▶ [Exercise directions]: Omit all images, then repeat exactly the lines below from the one containing "올려주신 혈액 검사에서" through the one containing "春の雰囲気が漂う小さな梅園にニシオジロビタキが時折姿を見せてくれます。", both ends included.

▶ [Available data]:
━━━━

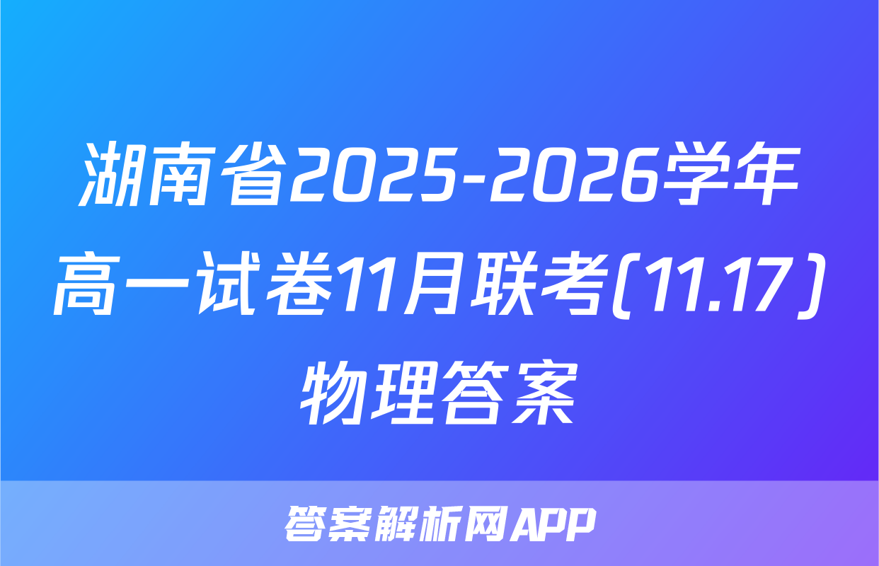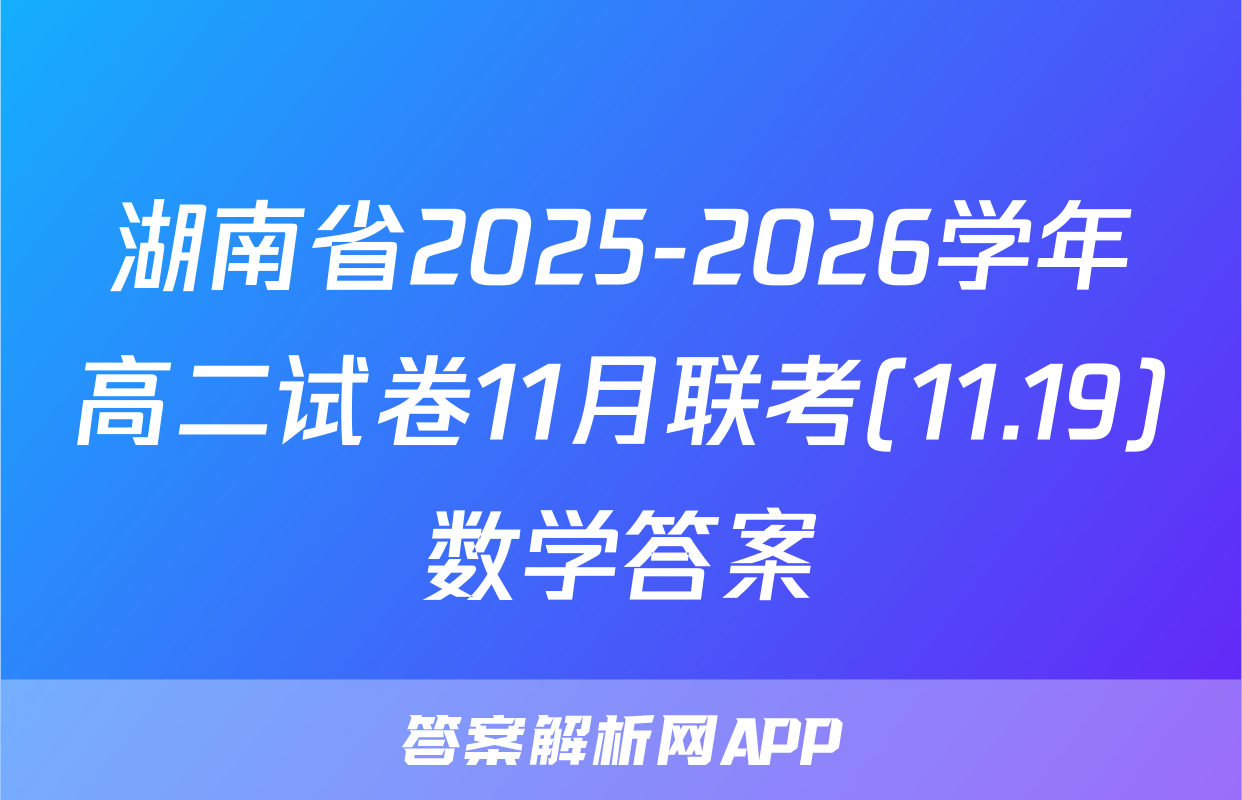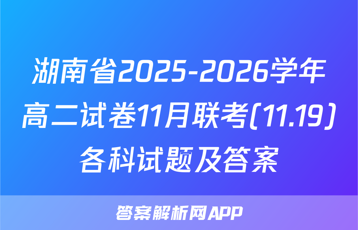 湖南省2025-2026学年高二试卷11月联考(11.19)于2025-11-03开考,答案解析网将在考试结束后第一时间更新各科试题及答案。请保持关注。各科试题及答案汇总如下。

━━━━

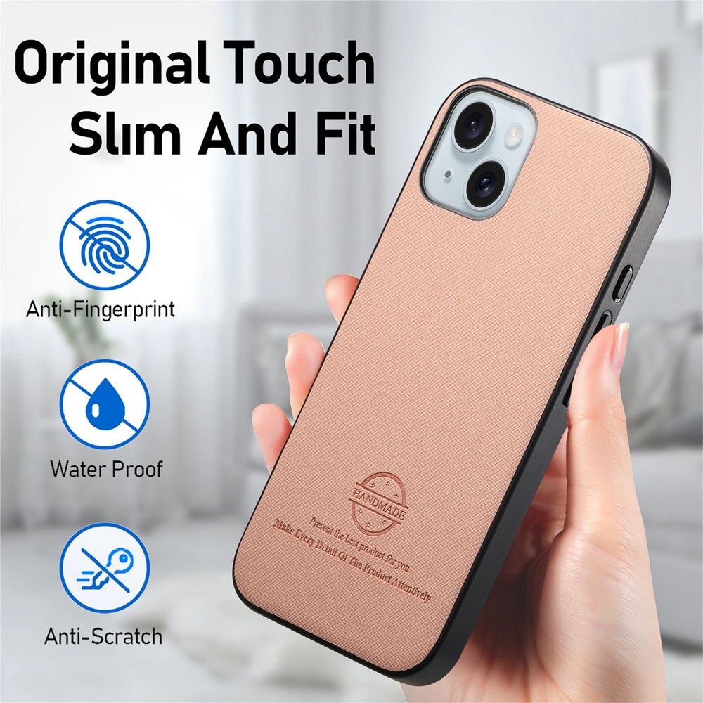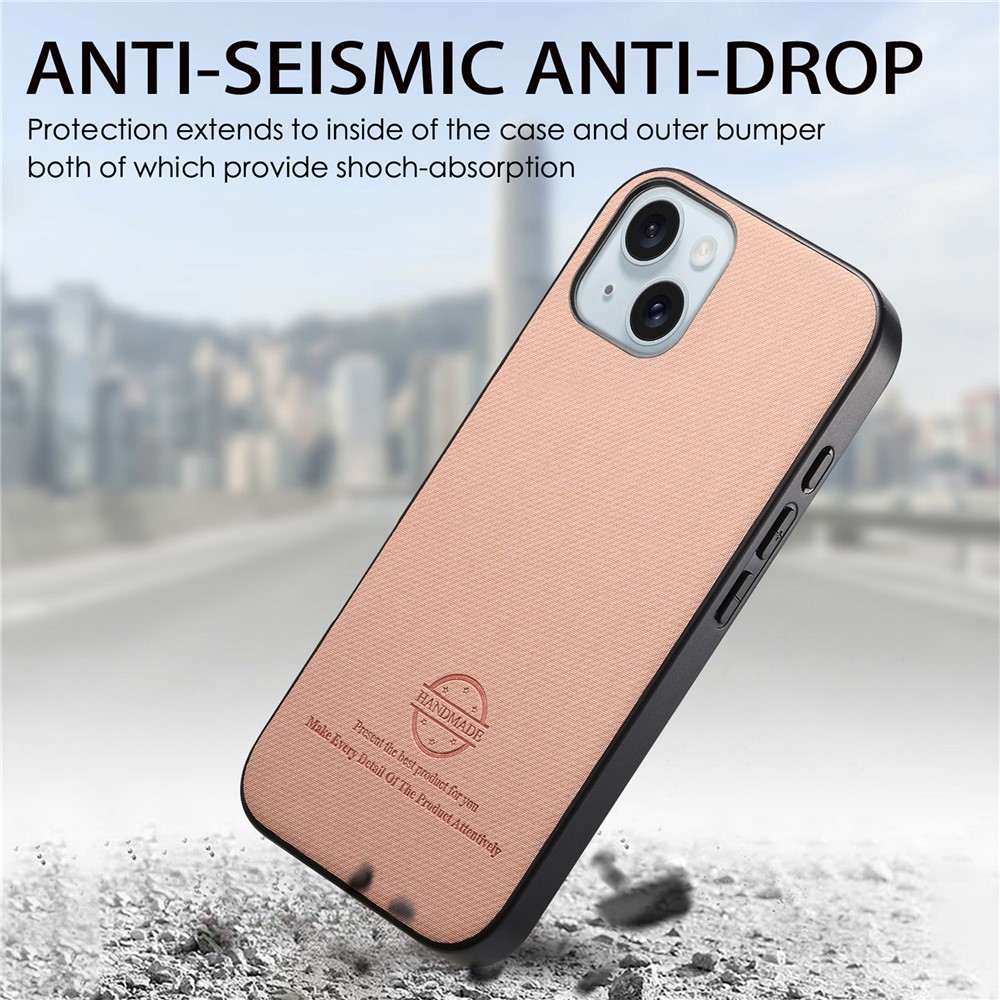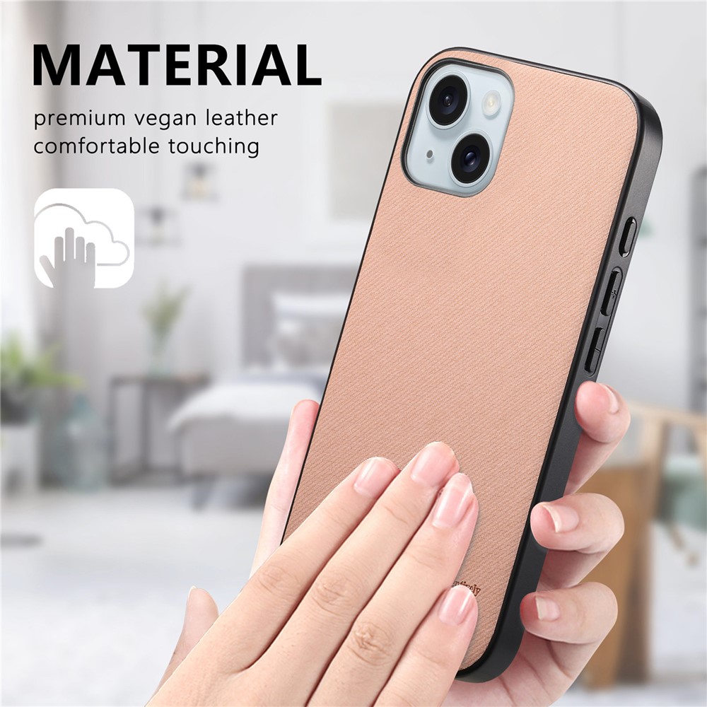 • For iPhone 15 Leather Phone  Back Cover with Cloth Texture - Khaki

━━━━

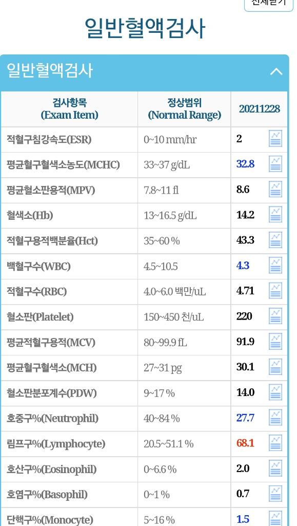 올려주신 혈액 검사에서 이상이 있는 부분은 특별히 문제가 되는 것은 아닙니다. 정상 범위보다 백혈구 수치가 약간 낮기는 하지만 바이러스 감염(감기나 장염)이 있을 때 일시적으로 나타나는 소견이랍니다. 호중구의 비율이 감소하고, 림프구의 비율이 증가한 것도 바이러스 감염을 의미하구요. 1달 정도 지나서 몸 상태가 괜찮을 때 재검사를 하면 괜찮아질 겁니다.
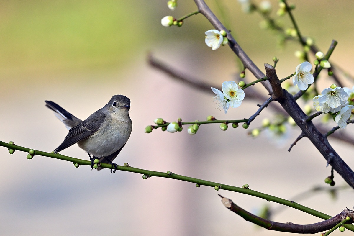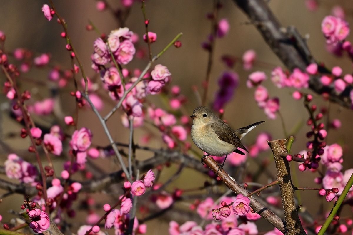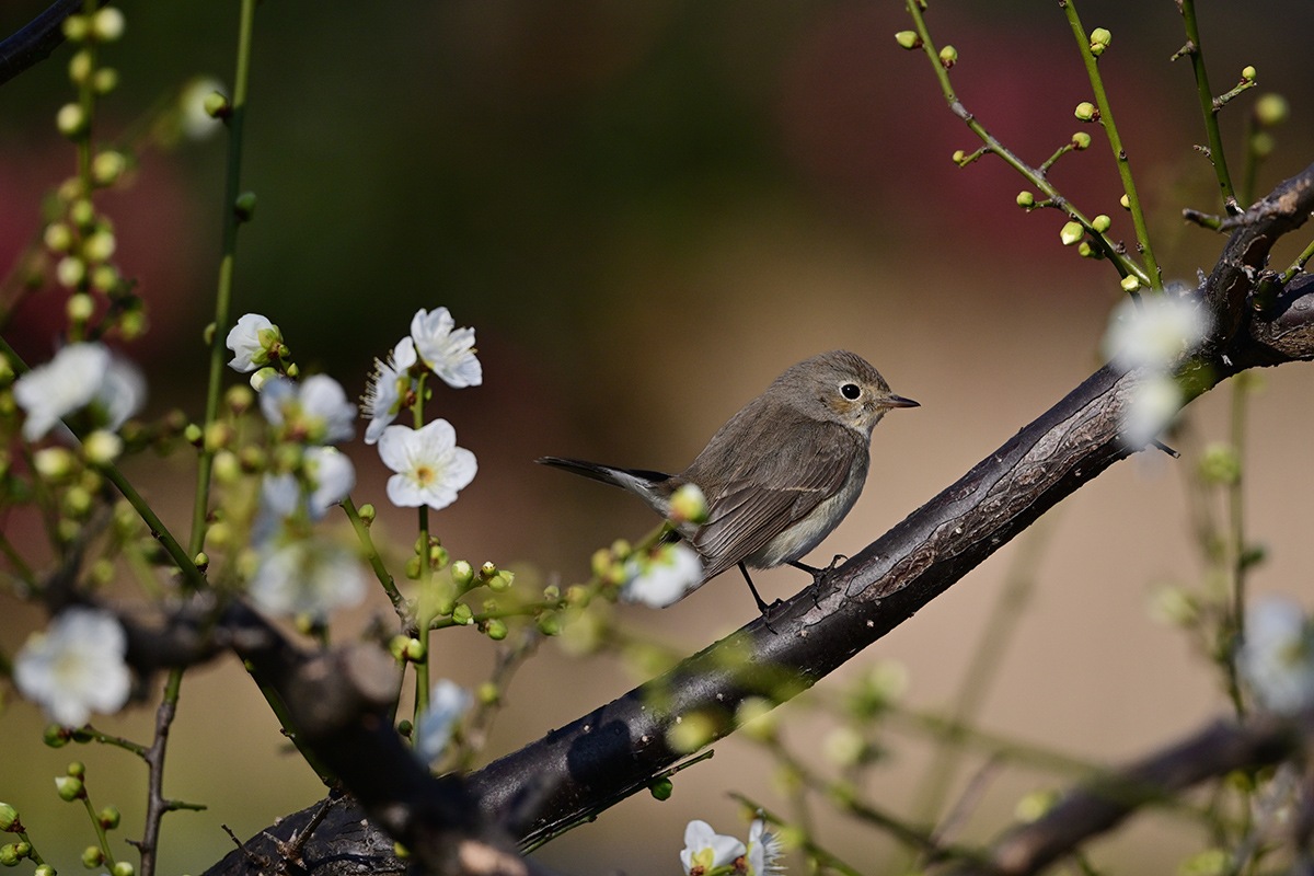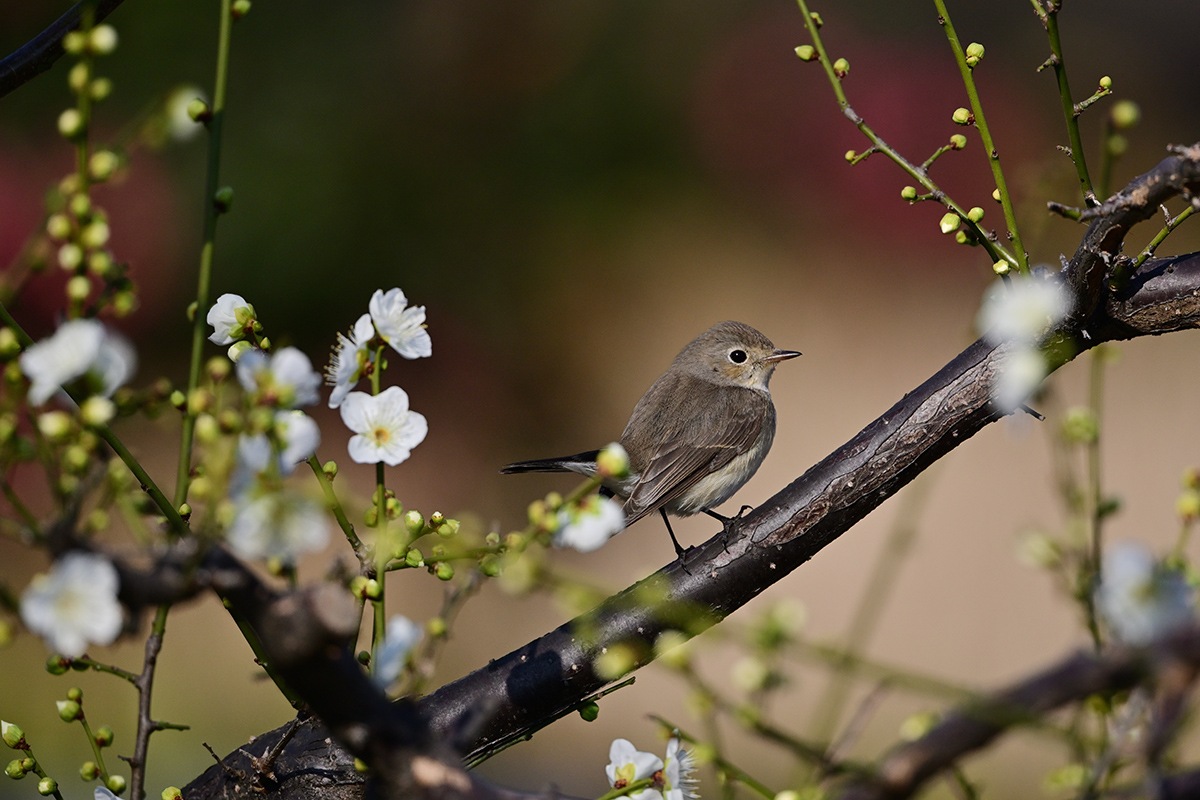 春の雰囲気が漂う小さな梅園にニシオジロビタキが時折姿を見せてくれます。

━━━━

▶ [Reply to the task]:
 올려주신 혈액 검사에서 이상이 있는 부분은 특별히 문제가 되는 것은 아닙니다. 정상 범위보다 백혈구 수치가 약간 낮기는 하지만 바이러스 감염(감기나 장염)이 있을 때 일시적으로 나타나는 소견이랍니다. 호중구의 비율이 감소하고, 림프구의 비율이 증가한 것도 바이러스 감염을 의미하구요. 1달 정도 지나서 몸 상태가 괜찮을 때 재검사를 하면 괜찮아질 겁니다.
 春の雰囲気が漂う小さな梅園にニシオジロビタキが時折姿を見せてくれます。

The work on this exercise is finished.